__What is needed__
Set down the data below in full, exactly as it reads, but without the pictures.

__Stored data__
+---+

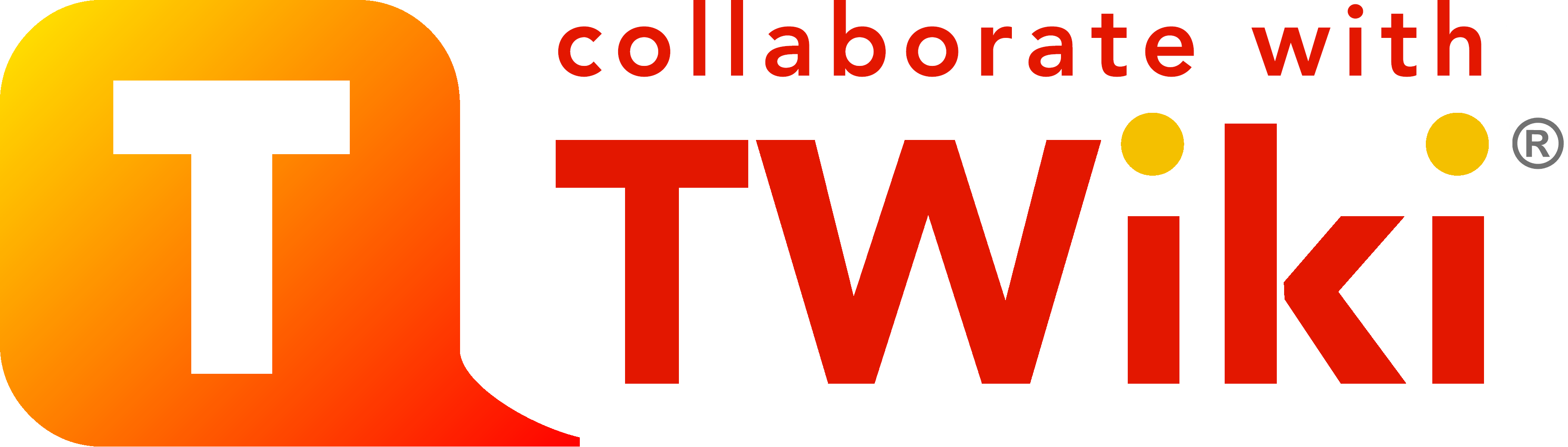 The official TWiki logo is a big "T" in a speech bubble conveying "working together", and has a "collaborate with TWiki" tag line.
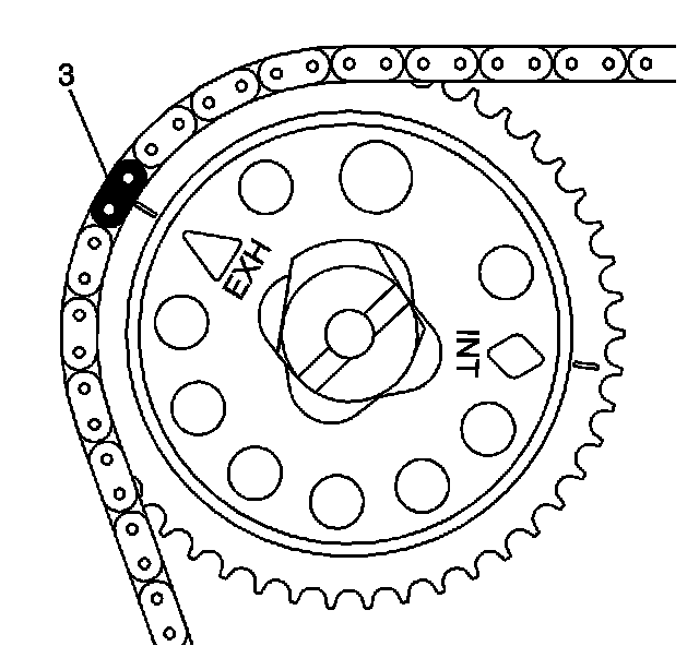 There are three colored links on the timing chain. Two links are of matching color and one link is of a unique color. Use the following procedure to line up the links with the sprockets. Orient the chain so that the colored links are visible.
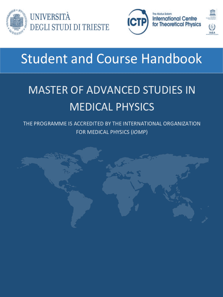 This handbook provides essential information for students enrolled in the Master of Advanced Studies in Medical Physics (MMP) at ICTP and Trieste University. It outlines the program structure, key contacts, academic requirements, and practical guidance for students as they navigate their studies and training in medical physics, including clinical training, coursework, and thesis preparation.
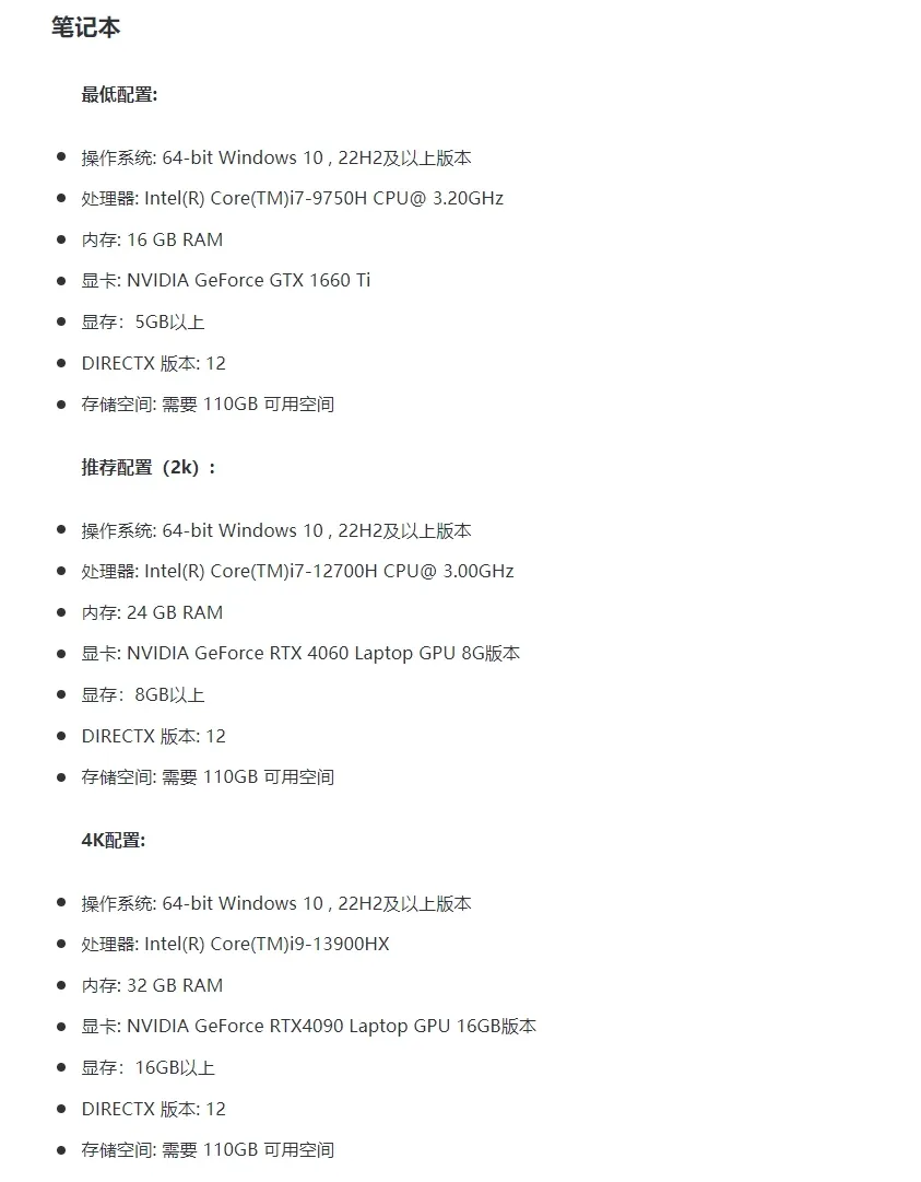 笔记本:最低 GTX 1660 Ti 起步;2K 推荐 RTX 4060 Laptop;4K 顶配则要 RTX 4090 Laptop。

+---+

__Output for this exercise__
 The official TWiki logo is a big "T" in a speech bubble conveying "working together", and has a "collaborate with TWiki" tag line.
 There are three colored links on the timing chain. Two links are of matching color and one link is of a unique color. Use the following procedure to line up the links with the sprockets. Orient the chain so that the colored links are visible.
 This handbook provides essential information for students enrolled in the Master of Advanced Studies in Medical Physics (MMP) at ICTP and Trieste University. It outlines the program structure, key contacts, academic requirements, and practical guidance for students as they navigate their studies and training in medical physics, including clinical training, coursework, and thesis preparation.
 笔记本:最低 GTX 1660 Ti 起步;2K 推荐 RTX 4060 Laptop;4K 顶配则要 RTX 4090 Laptop。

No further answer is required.